**DATA SECTION**
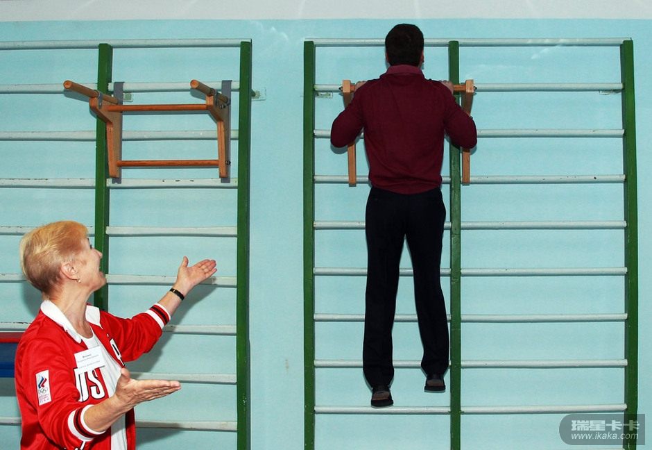 俄罗斯克拉斯诺达地区,梅德韦杰夫在参观村庄学校新建健身房的时候做引体向上。
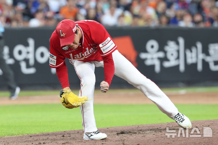 [대전=뉴시스] 권창회 기자 = 26일 오후 대전 중구 대전한화생명볼파크에서 열린 2025 신한 쏠뱅크 KBO리그 한화 이글스와 SSG랜더스의 경기, 5회 말까지 무실점 투구를 펼친 SSG 김광현이 주먹을 쥐며 기뻐하고 있다. 2025.07.26. [email protected]
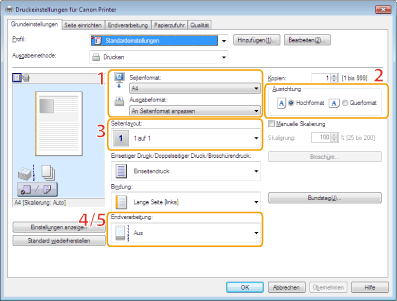 Hier können Sie das Papierformat wählen, das vom Drucker ausgegeben werden soll (vgl. "Skalieren von Dokumenten").
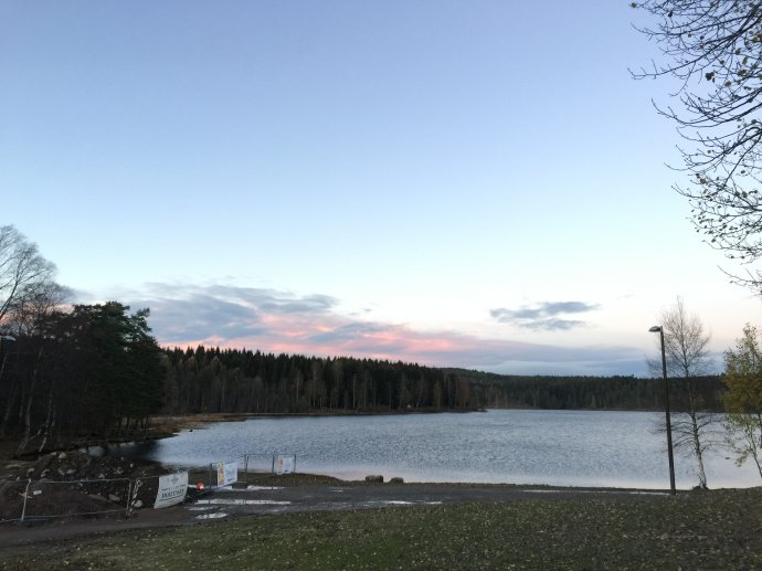 而krinjso出去两三百米,便是小湖,一圈3.3公里,风景优美,是运动散步的好去处。挪威人蛮幸福的:福利太高了,又有钱有闲,生了孩子爸爸可以放产假,妈妈不受大的影响,职业也不会受大的波动(这点让这边的女人有尊严男人可以有时间和孩子相处 ),所以经常在小湖看到各种挪威人跑步,推着婴儿车的,牵着狗的。 一到五月份,更是各种烧烤和跑步比赛。另说一句,小湖的告示牌上写着禁止骑马,看来发生过什么。

**THE TASK**
This task calls for an exact copy of the data above, without pictures.

**WORKED SOLUTION**
 俄罗斯克拉斯诺达地区,梅德韦杰夫在参观村庄学校新建健身房的时候做引体向上。
 [대전=뉴시스] 권창회 기자 = 26일 오후 대전 중구 대전한화생명볼파크에서 열린 2025 신한 쏠뱅크 KBO리그 한화 이글스와 SSG랜더스의 경기, 5회 말까지 무실점 투구를 펼친 SSG 김광현이 주먹을 쥐며 기뻐하고 있다. 2025.07.26. [email protected]
 Hier können Sie das Papierformat wählen, das vom Drucker ausgegeben werden soll (vgl. "Skalieren von Dokumenten").
 而krinjso出去两三百米,便是小湖,一圈3.3公里,风景优美,是运动散步的好去处。挪威人蛮幸福的:福利太高了,又有钱有闲,生了孩子爸爸可以放产假,妈妈不受大的影响,职业也不会受大的波动(这点让这边的女人有尊严男人可以有时间和孩子相处 ),所以经常在小湖看到各种挪威人跑步,推着婴儿车的,牵着狗的。 一到五月份,更是各种烧烤和跑步比赛。另说一句,小湖的告示牌上写着禁止骑马,看来发生过什么。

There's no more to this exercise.